Organs

This chapter is devoted to discussing organ radiation safety and sensitivity. Emami's 1991 paper discussing normal tissue tolerance was a good beginning to understanding the absolute safety of radiation to uninvolved tissue. As radiation treatment delivery techniques have become ever more sophisticated, the questions concerning radiation safety, dose, fractionation and disease control have become ever more complex.

Uncertainty in determining normal tissue dose limits

Bentzen's introduction to the Quantec scientific issues states, "NTCP (normal tissue complication probability) models are not ideal. Issues related to the grading of side effects, selection of appropriate statistical methods, testing of internal and external model validity, and quantification of predictive power and statistical uncertainty, all limit the usefulness of much of the published literature. Synthesis (meta-analysis) of data from multiple studies is often impossible because of suboptimal primary analysis, insufficient reporting and variations in the models and predictors analyzed. Clinical limitations to the current knowledge base include the need for more data on the effect of patient-related cofactors, interactions between dose distribution and cytotoxic or molecular targeted agents, and the effect of dose fractions and overall treatment time in relation to nonuniform dose distributions." IJROBP 2010:76(3) Supplememnt S1-S160)

Organ toxicity to radiation has always been a key consideration. Initially, the key limiting organ was skin, with the Skin Erythema Dose being the dose limiting toxicity. With the advent of megavoltage radiation, with its skin sparing dosimetry skin dose was no longer the dose limiting toxicity. The focus began to shift to internal organ dose limiting toxicities.

Evolution of Treatment

A second sea change in radiation therapy delivery came about with the advent of sophisticated imaging based radiation therapy and a rapid migration from plane films and boney anatomic treatment delivery to 3d-conformal radiation therapy using CT, MRI, PET and other 3d imaging modalities. This was further refined with the advent of intensity modulated radiation therapy, and the advent of proton dose distributions. There is a need to understand the toxicities to uninvolved tissues with inhomogenous dosimetry, non-standard dose-fractionation schemes, partial organ irradiation tolerances, and the general toxicities associated with radiation treatment.

The Controversies and goals

The compilation here attempts to examine the available data (which is disparate), and organize it in such a way so as to provide a reasonable clinical reference guide. Please note that the data here may be controversial, particularly when non-conventional dose/fractionation schemes are used.
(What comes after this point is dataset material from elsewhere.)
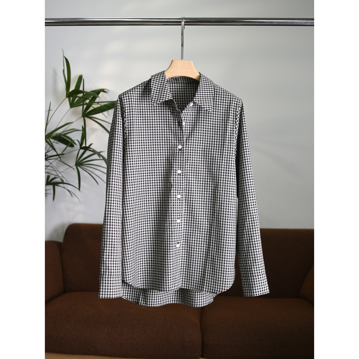 2025色织格子翻领衬衫春秋季新款时尚百搭文艺复古休闲女上衣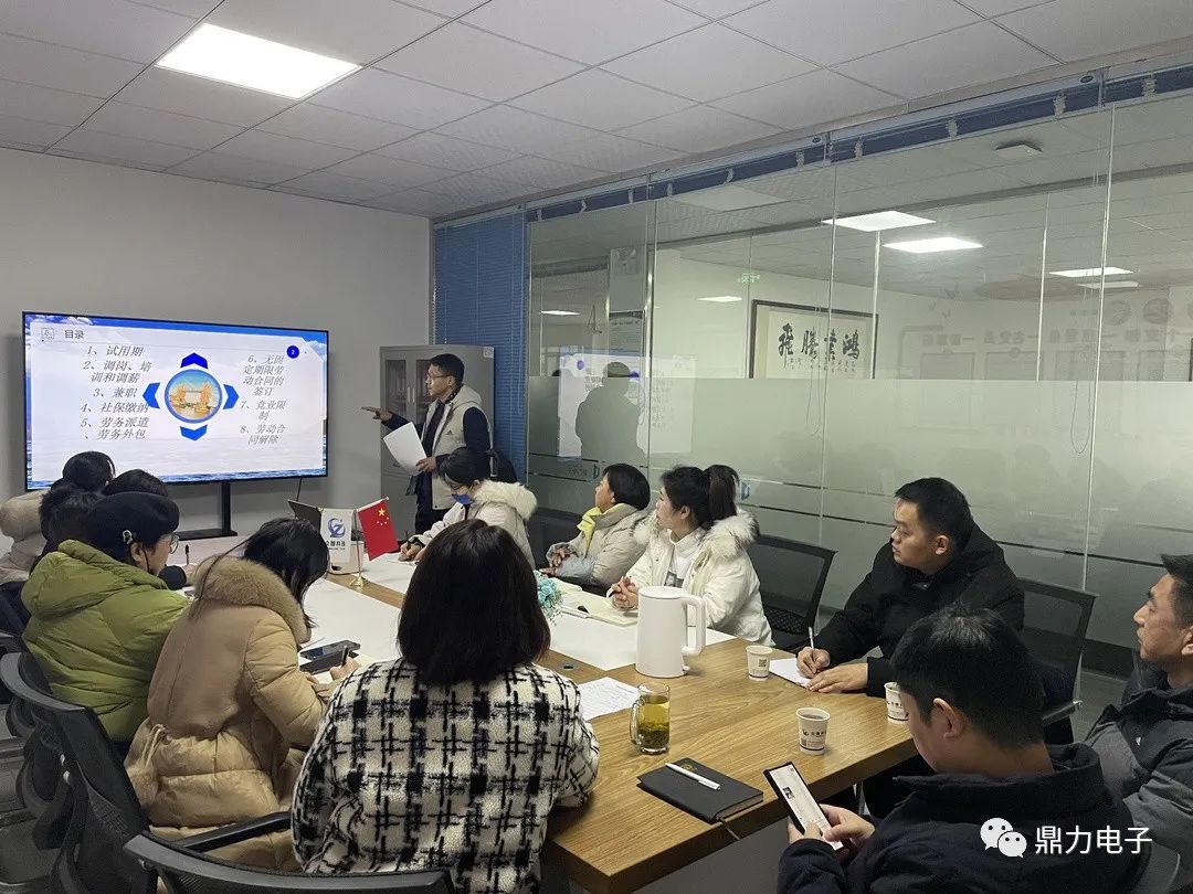 2021年12月24日,蚌埠鼎力電子科技有限公司邀請安徽大友昱達律師事務所楊寶根律師、許曉冬律師,為公司管理層進行勞動用工管控風險防范知識培訓。

For example, a debate recently took place on spinal cord dose constraints. The original study author used a dose of 36 Gy as a dose limiting constraint. Conventional wisdom uses 45 Gy, while the NCCN guidelines recommended 41 Gy (NCCN slcl v2.2014, v2.2015 citing CALGB 30610, A. Turrisi, personal communication). I used 39 Gy as a reasonable (so I thought) compromise, and was castigated for it by a well known and established radiation oncologist, who repeated the act at a national conference from the floor microphone. It seems to me that a better approach is to dilligently study the data, accepting the fact that we do not know enough about the subject, and to systematically acquire new data to insure that future patients will benefit from greater understanding and application of that understanding to improve disease control and to minimize adverse impact on the lives of cancer patients.